Takes as input TMT experiments which are the output of Fragpipe and converts into MSstatsPTM format. Requires msstats.csv file and an annotation file. Optionally an additional msstats.csv file can be uploaded if a corresponding global profiling run was performed. Site localization is performed and only high probability localizations are kept.

Usage

FragPipetoMSstatsPTMFormat(
  input,
  annotation = NULL,
  input_protein = NULL,
  annotation_protein = NULL,
  use_unmod_peptides = FALSE,
  label_type = "TMT",
  protein_id_col = "Protein",
  peptide_id_col = "Peptide.Sequence",
  mod_id_col = "STY",
  localization_cutoff = 0.75,
  remove_unlocalized_peptides = TRUE,
  Purity_cutoff = 0.6,
  PeptideProphet_prob_cutoff = 0.7,
  useUniquePeptide = TRUE,
  rmPSM_withfewMea_withinRun = FALSE,
  rmPeptide_OxidationM = TRUE,
  rmProtein_with1Feature = FALSE,
  summaryforMultipleRows = sum,
  use_log_file = TRUE,
  append = FALSE,
  verbose = TRUE,
  log_file_path = NULL
)

Arguments

`input`	data.frame of `msstats.csv` file produced by Philosopher
`annotation`	annotation with Run, Fraction, TechRepMixture, Mixture, Channel, BioReplicate, Condition columns or a path to file. Refer to the example 'annotation' for the meaning of each column. Channel column should be consistent with the channel columns (Ignore the prefix "Channel ") in msstats.csv file. Run column should be consistent with the Spectrum.File columns in msstats.csv file.
`input_protein`	same as `input` for global profiling run. Default is NULL.
`annotation_protein`	same as `annotation` for global profiling run. Default is NULL.
`use_unmod_peptides`	Boolean if the unmodified peptides in the input file should be used to construct the unmodified protein output. Only used if `input_protein` is not provided. Default is `FALSE`.
`label_type`	Type of labeling used for experiment. Must be one of "LF" or "TMT". Default is "TMT".
`protein_id_col`	Use 'Protein'(default) column for TMT. This needs to be changed to "ProteinName" for label free.

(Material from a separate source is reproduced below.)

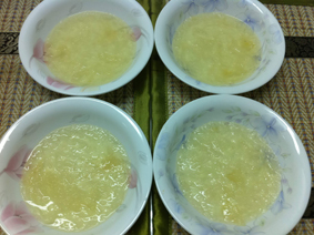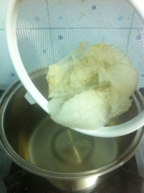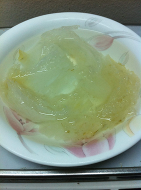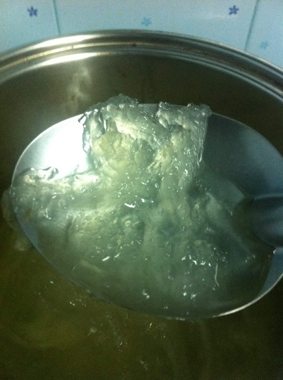 2. แช่ทิ้งไว้6-8ชั่วโมง รังนกจะออกมาหน้าตาแบบนี้นะครับ

For TMT, 'Master.Protein.Accessions' can be used instead to get the protein ID with single protein.
`peptide_id_col`	Use 'Peptide.Sequence'(default) column for TMT. Must be changed to "PeptideSequence" for label free. "Modified.Peptide.Sequence" can be used instead to get the modified peptide sequence.
`mod_id_col`	Column containing the modified Amino Acids. For example, a Phosphorylation experiment may pass `STY`. The corresponding column with `STY` combined with the mass (e.x. `STY.79.9663`) will be selected. Default is `STY`.
`localization_cutoff`	Minimum localization score required to keep modification. Default is .75.
`remove_unlocalized_peptides`	Boolean indicating if peptides without all sites localized should be kept. Default is TRUE (non-localized sites will be removed).
`Purity_cutoff`	Cutoff for purity. Default is 0.6. Purity refers to how much of the detected ion signal within a specific inclusion window belongs to the target molecule or its closely related forms, compared to any other unwanted signals or noise. Higher values indicate greater purity.
`PeptideProphet_prob_cutoff`	Cutoff for the peptide identification probability. Default is 0.7. The probability is confidence score determined by PeptideProphet and higher values indicate greater confidence.
`useUniquePeptide`	logical, if TRUE (default) removes peptides that are assigned for more than one proteins. We assume to use unique peptide for each protein.
`rmPSM_withfewMea_withinRun`	TRUE will remove the features that have 1 or 2 measurements within each Run. Default is FALSE.
`rmPeptide_OxidationM`	TRUE (default) will remove the peptides including oxidation (M) sequence.
`rmProtein_with1Feature`	TRUE will remove the proteins which have only 1 peptide and charge. Default is FALSE.
`summaryforMultipleRows`	sum (default) or max - when there are multiple measurements for certain feature in certain run, select the feature with the largest summation or maximal value.
`use_log_file`	logical. If TRUE, information about data processing will be saved to a file.
`append`	logical. If TRUE, information about data processing will be added to an existing log file.
`verbose`	logical. If TRUE, information about data processing wil be printed to the console.
`log_file_path`	character. Path to a file to which information about data processing will be saved. If not provided, such a file will be created automatically. If 'append = TRUE', has to be a valid path to a file.

Value

list of one or two data.frame of class MSstatsTMT, named PTM and PROTEIN

Examples

# TMT Example (with global profiling run)
head(fragpipe_input)
head(fragpipe_annotation)
head(fragpipe_input_protein)
head(fragpipe_annotation_protein)

msstats_data = FragPipetoMSstatsPTMFormat(fragpipe_input,
                                          fragpipe_annotation,
                                          fragpipe_input_protein, 
                                          fragpipe_annotation_protein,
                                          label_type="TMT",
                                          mod_id_col = "STY",
                                          localization_cutoff=.75,
                                          remove_unlocalized_peptides=TRUE)
head(msstats_data$PTM)
head(msstats_data$PROTEIN)

# LFQ Example (w/out global profiling run)
input = system.file("tinytest/raw_data/Fragpipe/MSstats.csv", 
                                        package = "MSstatsPTM")
input = data.table::fread(input)
annot = system.file("tinytest/raw_data/Fragpipe/experiment_annotation.tsv", 
                                        package = "MSstatsPTM")
annot = data.table::fread(annot)                                        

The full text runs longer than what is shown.